== WORK TO COMPLETE ==
The required answer is the run of lines from the one holding "87k | ex-Valley" to the end of the data below, copied exactly and free of pictures.

== RAW DATA ==
++++++++++++++++++++

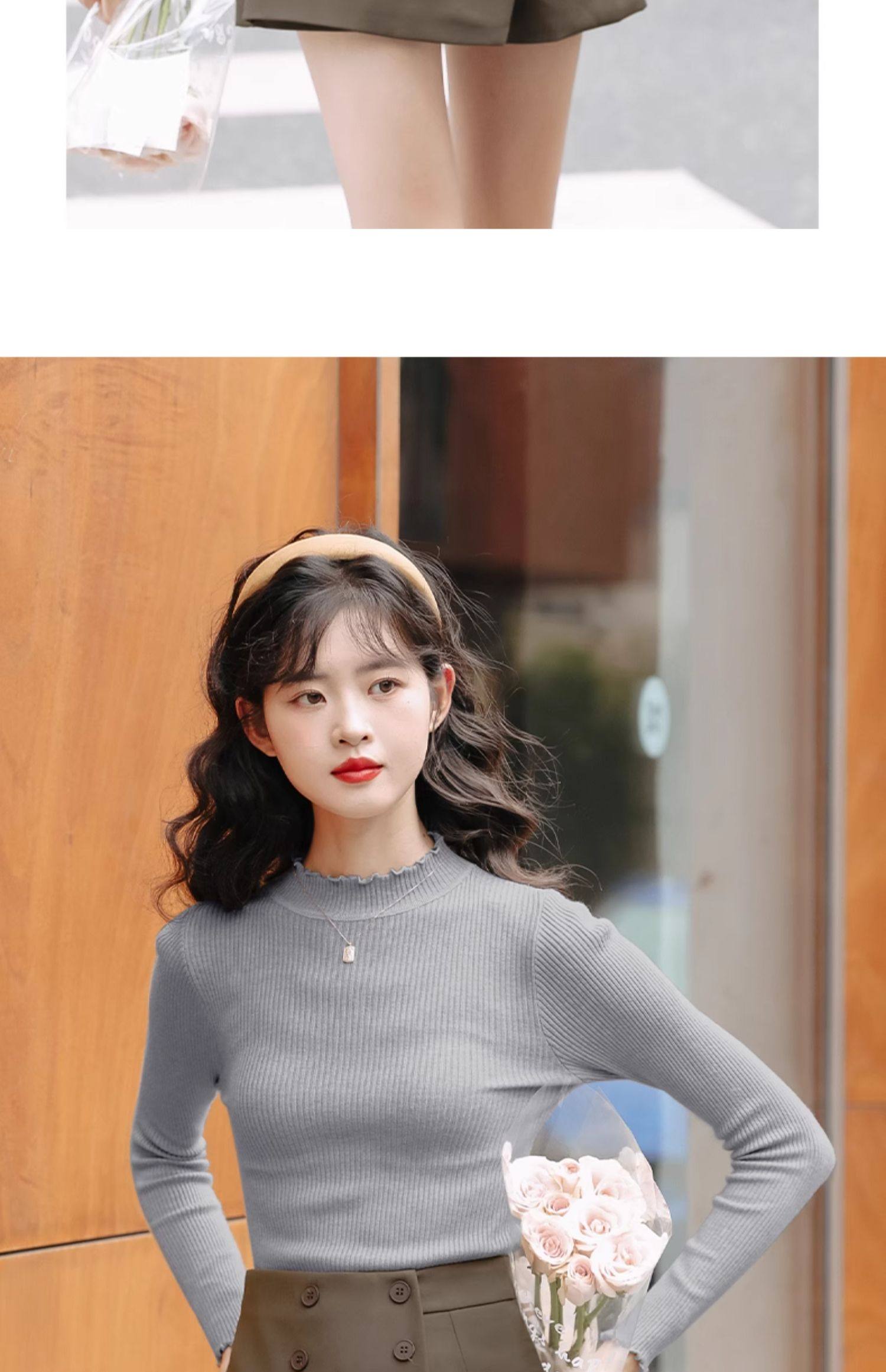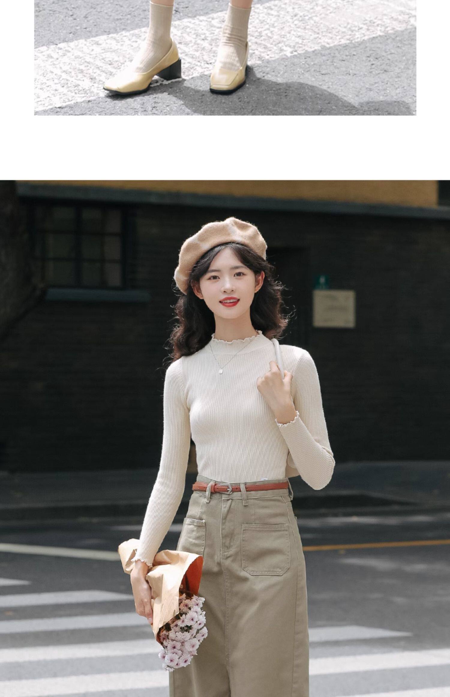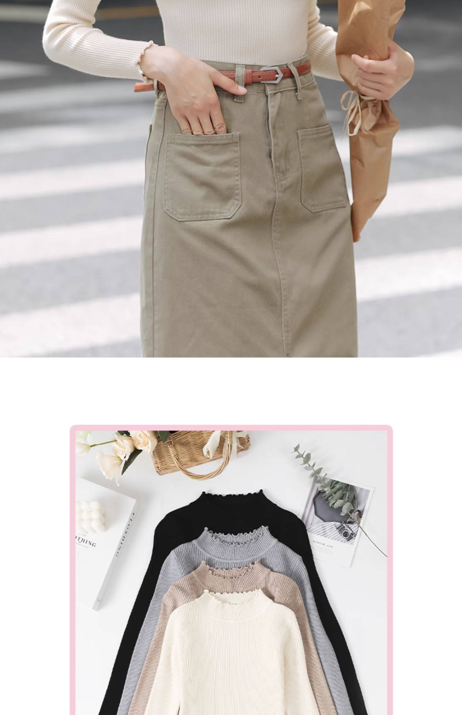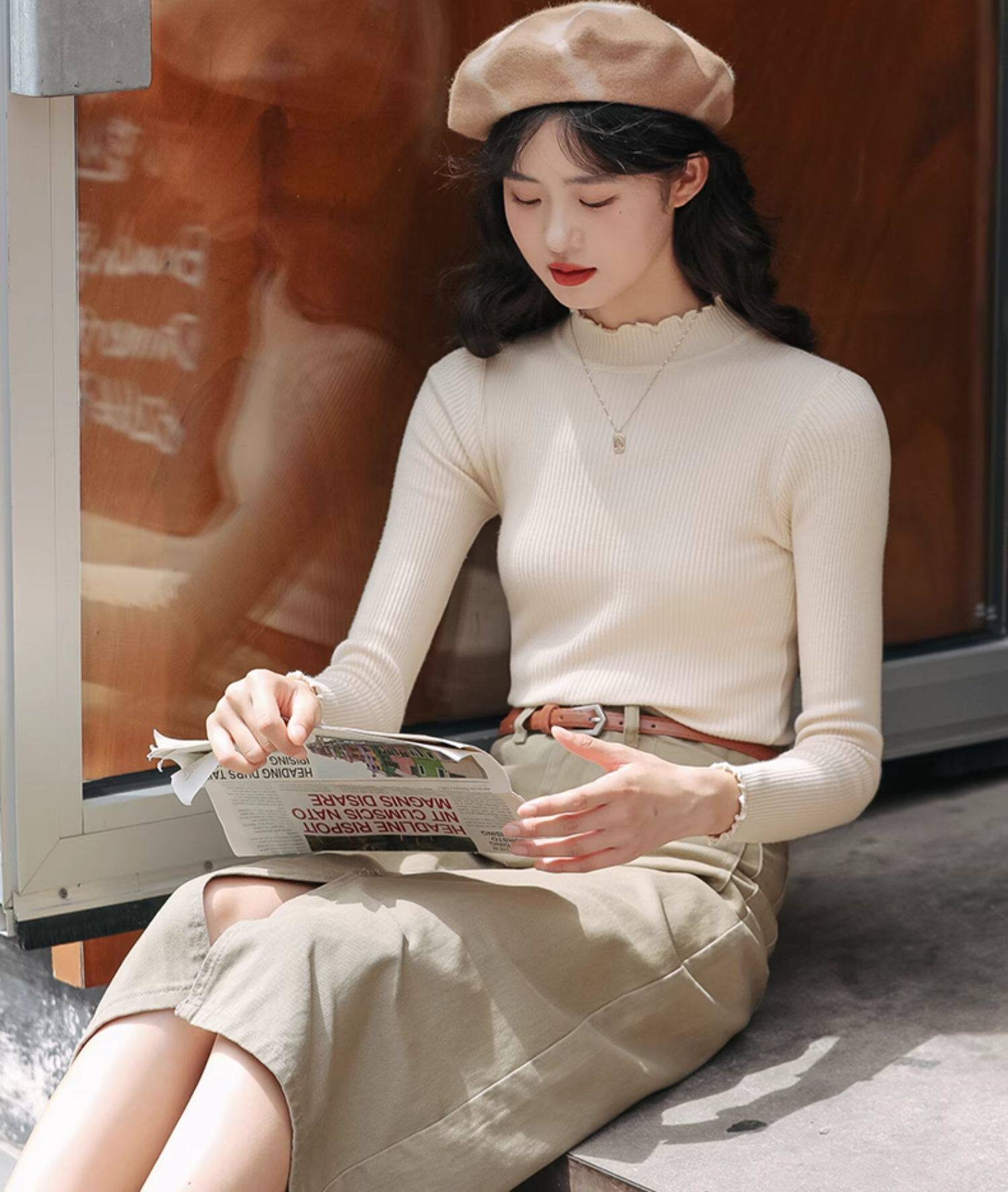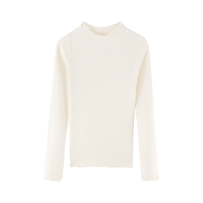 慕兔半高領內搭針織打底衫女2025秋季新款洋氣木耳邊修身長袖上衣
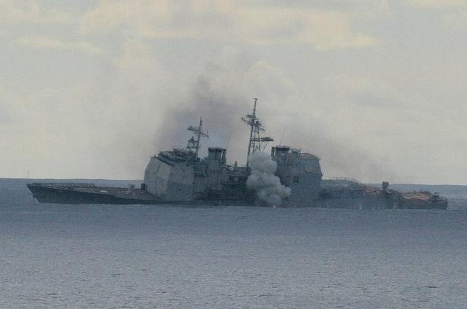 87k | ex-Valley Forge, listing to port during her SINKEX on 02 November 2006. | Eric Bentz |
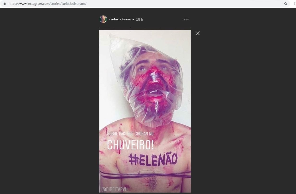 Vereador no Rio, Carlos Bolsonaro (PSL), filho do candidato à presidência da República pelo PSL, postou no Instagram nesta quarta-feira 17, uma imagem que simula a tortura de um homem, que aparece com o rosto ensaguentado, envolto em um saco plástico. Ele traz pintada, no peito, a hastag #elenão, que tem sido usada nas redes sociais contra Jair Bolsonaro. A foto foi publicada originalmente pelo artista plástico Ronaldo Creative. Em seu perfil na mesma rede social, ele declara produzir arte como forma de protesto.
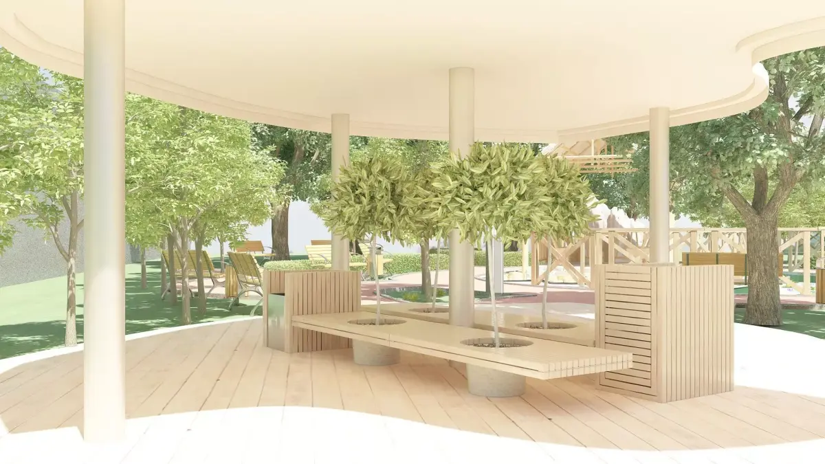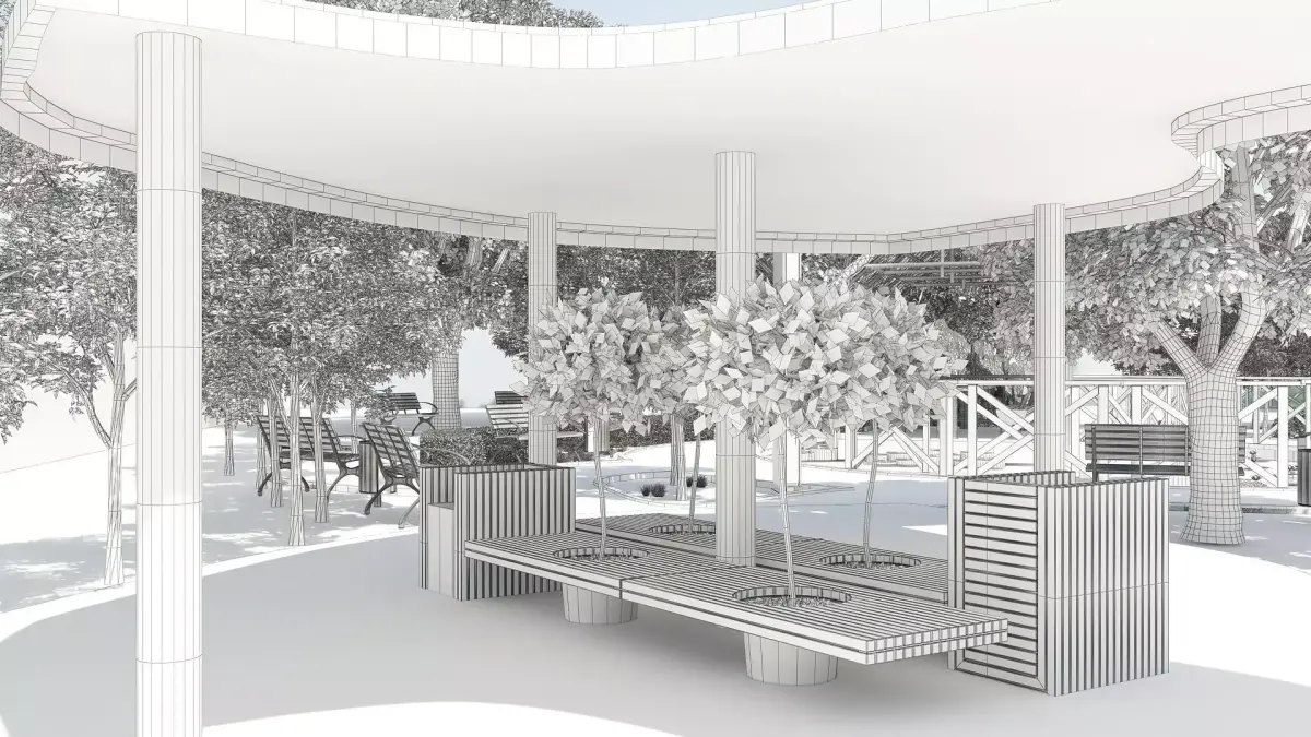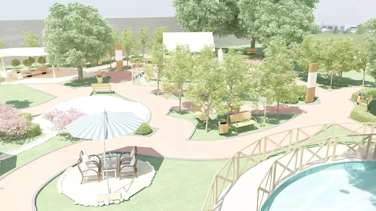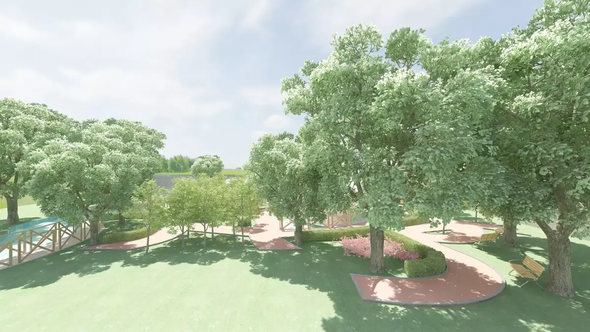 City park concept. Water pond, sheltered benches, tennis court, trees, bushes, flowers.Various decorative items.

++++++++++++++++++++

== OUTPUT FOR THIS EXERCISE ==
 87k | ex-Valley Forge, listing to port during her SINKEX on 02 November 2006. | Eric Bentz |
 Vereador no Rio, Carlos Bolsonaro (PSL), filho do candidato à presidência da República pelo PSL, postou no Instagram nesta quarta-feira 17, uma imagem que simula a tortura de um homem, que aparece com o rosto ensaguentado, envolto em um saco plástico. Ele traz pintada, no peito, a hastag #elenão, que tem sido usada nas redes sociais contra Jair Bolsonaro. A foto foi publicada originalmente pelo artista plástico Ronaldo Creative. Em seu perfil na mesma rede social, ele declara produzir arte como forma de protesto.
 City park concept. Water pond, sheltered benches, tennis court, trees, bushes, flowers.Various decorative items.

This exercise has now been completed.